Os fabricantes de automóveis de todo o mundo estão a travar uma batalha pelo futuro, gastando milhares de milhões para se orientarem para os automóveis elétricos com emissões mais baixas, numa corrida para criarem veículos competitivos em termos de preço e com uma autonomia suficiente para persuadir os compradores a mudarem. A China tem dezenas de fabricantes de automóveis que produzem carros elétricos a preços mais baixos do que os seus equivalentes europeus. Cada vez mais, esses automóveis estão a ser vendidos na Europa.
Os lucros das empresas alemãs BMW e Mercedes-Benz também diminuíram devido às mesmas pressões.
Porque é que a proposta de redução de fábricas e de postos de trabalho da VW é importante na Alemanha?
A VW tem 10 fábricas de montagem e de peças na Alemanha, onde estão 120 000 dos seus 684 000 trabalhadores em todo o mundo. Sendo o maior fabricante de automóveis da Europa, a empresa é um símbolo da prosperidade dos consumidores e do crescimento económico do país após a Segunda Guerra Mundial.
Nunca antes tinha encerrado uma fábrica na Alemanha. A última vez que a VW fechou uma fábrica foi em 1988, em Westmoreland, Pensilvânia; a sua divisão Audi está a discutir o encerramento de uma fábrica subutilizada na Bélgica.

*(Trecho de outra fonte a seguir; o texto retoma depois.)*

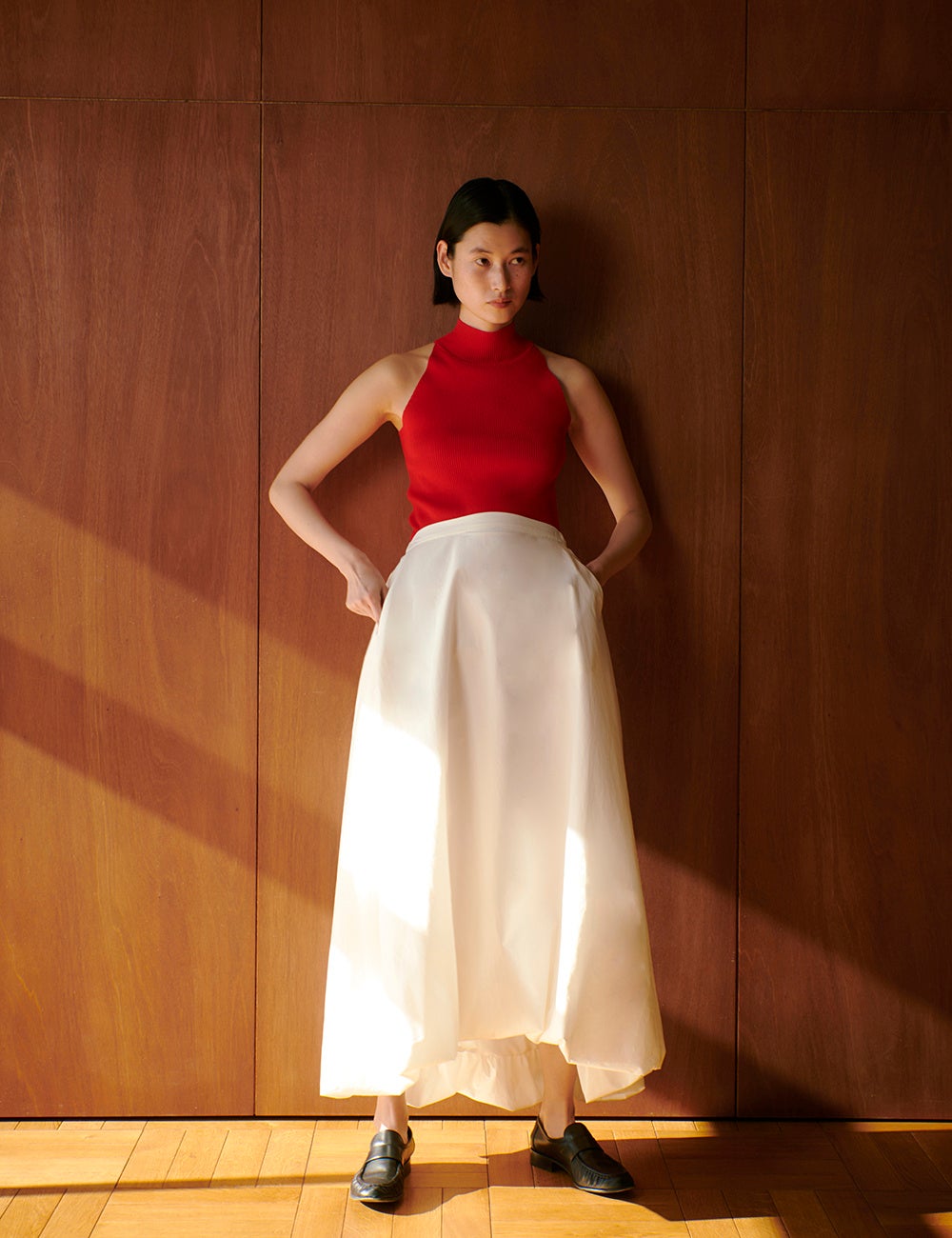 Halter neck knit (red) ¥7,700 / Balloon volume skirt (white) ¥14,300

Os partidos de extrema-direita, alimentados pelo desencanto popular com o governo de coligação de três partidos do chanceler alemão Olaf Scholz, obtiveram grandes vitórias nas eleições de 1 de setembro nos estados da Turíngia e da Saxónia, situados na antiga Alemanha de Leste comunista. As sondagens a nível nacional mostram que a taxa de aprovação do governo está num ponto baixo. O encerramento de fábricas é a última coisa de que o governo de Scholz precisa.
A chanceler falou com a direção e com os trabalhadores da VW após se saber do possível encerramento de fábricas, mas teve o cuidado de sublinhar que a decisão é da competência da empresa e dos seus trabalhadores.

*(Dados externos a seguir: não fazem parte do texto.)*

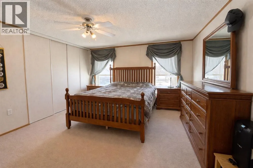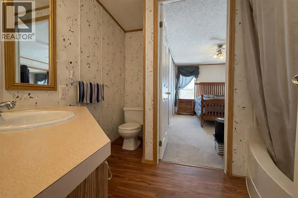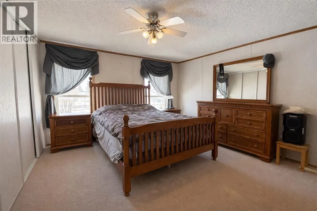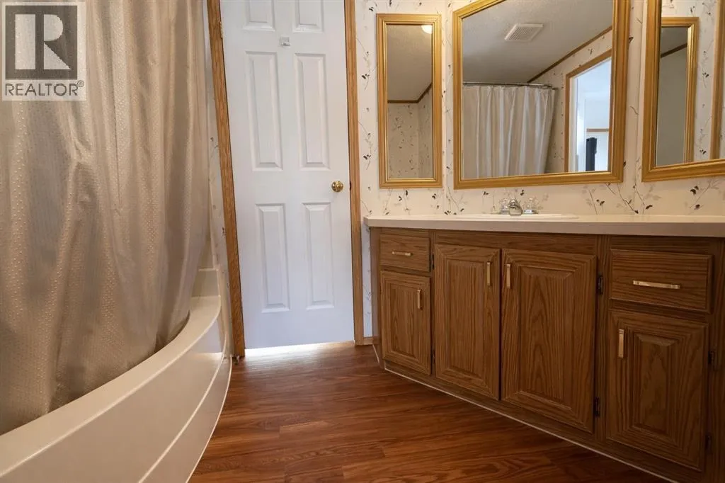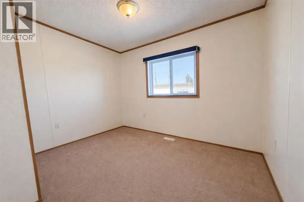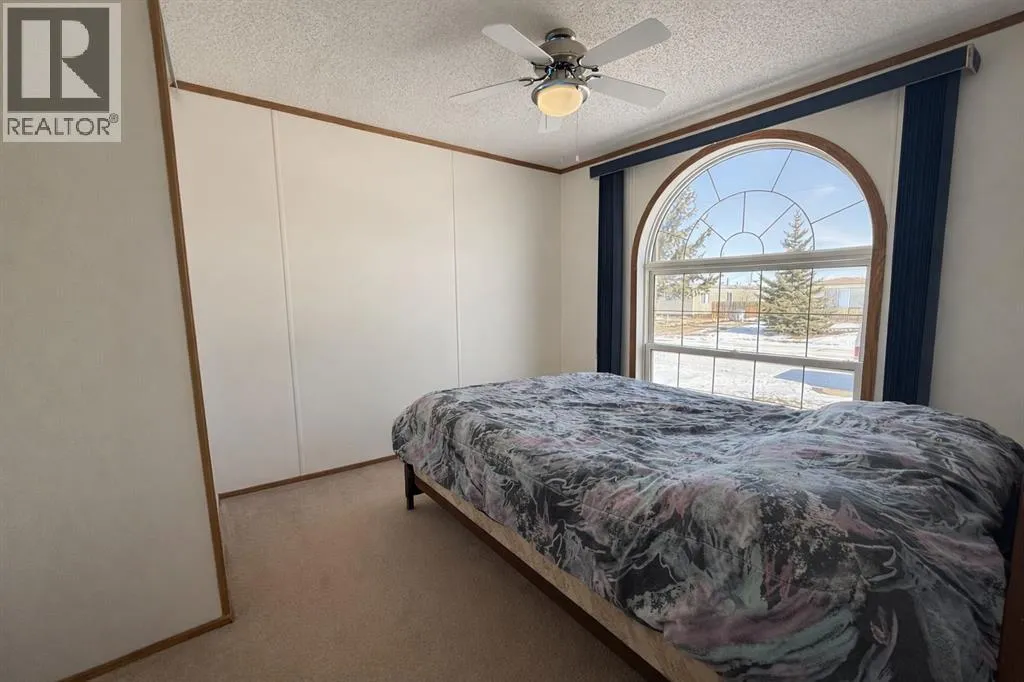 Welcome to this well-maintained mobile home in the quiet community of Edgerton, ideally located directly across from a park and playground with convenient sidewalks right out front. This property offers excellent functionality with a spacious heated front addition that serves as a dual-entry porchâperfect for coats, boots, and extra storage, keeping your main living space clean and organized year-round. Step inside to an inviting open-concept layout featuring vaulted ceilings that create a bright and airy feel throughout. The large living room is filled with natural light from a generous south-facing window and flows seamlessly into the dining area and kitchen, where youâll find ample cupboard and counter space for everyday living. Patio doors off the dinning room provide direct access to the deck, making it easy to enjoy outdoor living. The home features a thoughtful layout with a rear entry that includes laundry and access to the back deck. The primary bedroom is privately situated and offers convenient access to a four-piece bathroomâcreating a semi-ensuite feelâalong with two windows that bring in plenty of natural light. Two additional bedrooms provide flexibility for family, guests, or a home office, including one with an oversized window that enhances the bright and welcoming atmosphere. A second four-piece bathroom serves as the main/guest bath. Outside, youâll appreciate the aluminum-railed decks for low-maintenance enjoyment, as well as a rear parking pad with alley access for added convenience. A great opportunity for affordable living in a family-friendly locationâjust steps from green space and outdoor amenities. (id:27476)

Porque é que a Volkswagen ainda não fez os cortes de custos que a administração pretende?
Os representantes dos trabalhadores têm muito peso na VW. Detêm metade dos lugares no conselho de administração. O governo do Estado, que é coproprietário da empresa, também tem dois lugares no conselho de administração - juntamente com os representantes dos trabalhadores, a maioria - e 20% dos direitos de voto na empresa. O governador da Baixa Saxónia, Stephan Weil, afirmou que a empresa precisa de reduzir os seus custos, mas que deve evitar o encerramento de fábricas.
Isto significa que a direção terá de negociar - um processo que demorará meses.

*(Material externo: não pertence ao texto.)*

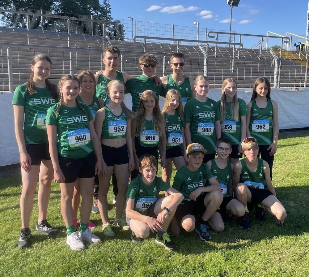 Hierbei ist der U14 Nachwuchs mit 47 Platzierungen am häufigsten in der Datenbank des Leichtathletik-Verband Rheinlandes, Stand 15. Juli 24, zu finden. Neben insgesamt 15-Mal Edelmetall bei Rheinland und Rheinland-Pfalz Meisterschaften in Wittlich, Konz, Hachenburg und Ingelheim und sehr guten Platzierungen bei den süddeutschen Meisterschaften in Waldorf und Koblenz, ist ein positives Fazit zu ziehen. Im Weitsprung mit 4,65 m, im 3-Kampf mit 1365 Punkte und im 4-Kampf mit 1724 Punkte ist Matilda Augst W12 aus Hachenburg 3-mal auf Platz 1 und insgesamt 15 Mal vertreten. 13-Mal findet man Viola Fehse (W12) aus Alpenrod in der LVR-Statistik. Außerdem vertreten sind Carlotta Augst 2-Mal, Io Qirmbach 4-Mal, Malina Ziegner 1-Mal (alle W12) und Nele Gabert (W13) 4-Mal. Bei den Jungs sticht der Silbermedaillen Gewinner im Block Sprint/Sprung, Noah Schwan (M12) aus Gehlert 8-Mal in der LVR Statistik heraus. Zudem findet man Ansgar Brandt 3-Mal, Titus Qirmbach 3-Mal (beide M12) und Erik Reusch (M13) 2-Mal in der LVR Statistik. Toni Schneider (M14) aus Hattert konnte sich 8-Mal in der LVR Bestenliste platzieren. Mit 2010 Punkte im 4-Kampf liegt Toni sogar aktuell in der deutschen Bestenliste auf Rang 10 sowie im Block-Wurf mit 2584 Punkte auf Rang 7! Darüber hinaus belegt Toni im Diskuswurf mit 38,63 m im Bundesgebiet auf Rang 16! Anna Charlotte Kölbach (U18) aus Altenkirchen führt im Kugelstoßen mit 13,07 m sowie im Diskuswurf mit 34,87 m die LVR Bestenliste an. Damit belegt Anna in der DLV-Statistik auf Rang 20 im Kugel und auf Rang 28 im Diskus. Mit der 4 kg der U20 belegte Anna immerhin Rang 5. Außerdem sind in der LVR-Bestenliste Yannis Müller (U20) 5-Mal vertreten, Samuel Schollmeyer (U18) sowie Tristan Augst (U18) jeweils 4 zu finden. Helen Schäfer und Elias Ludwig (beide U18) können sich ebenfalls über eine Platzierung freuen. Bei den Senioren sind bereits Sigrid Hofmann (W55) und Nobert Hoffmann (M85) jeweils 2-Mal und Marita Brenk (W65) 1-Mal in Erscheinung getreten. Erfreulich sind auch die Einsätze in den Staffeln und Mannschaftsteilnahmen im LG Westerwald Team, die es jeweils in die Bestenlisten geschafft haben.

O que diz o lado dos trabalhadores?
Os diretores presentes na assembleia de trabalhadores enfrentaram vários minutos de vaias, assobios e buzinadelas antes de poderem começar a sua apresentação sobre a potencial explicação. “Nós somos a Volkswagen, vocês não são”, gritavam os trabalhadores.
Daniela Cavallo, que preside ao conselho de empresa que representa os trabalhadores, disse que o conselho “não vai concordar com o encerramento de fábricas”. A redução dos custos laborais não vai alterar a situação financeira da Volkswagen, argumentou.
“O problema da Volkswagen é que a gestão de topo não está a fazer o seu trabalho”, disse Cavallo. “Há muitas outras áreas em que a empresa é responsável (...) Temos de ter produtos competitivos; não temos os modelos de entrada de gama nos automóveis elétricos.”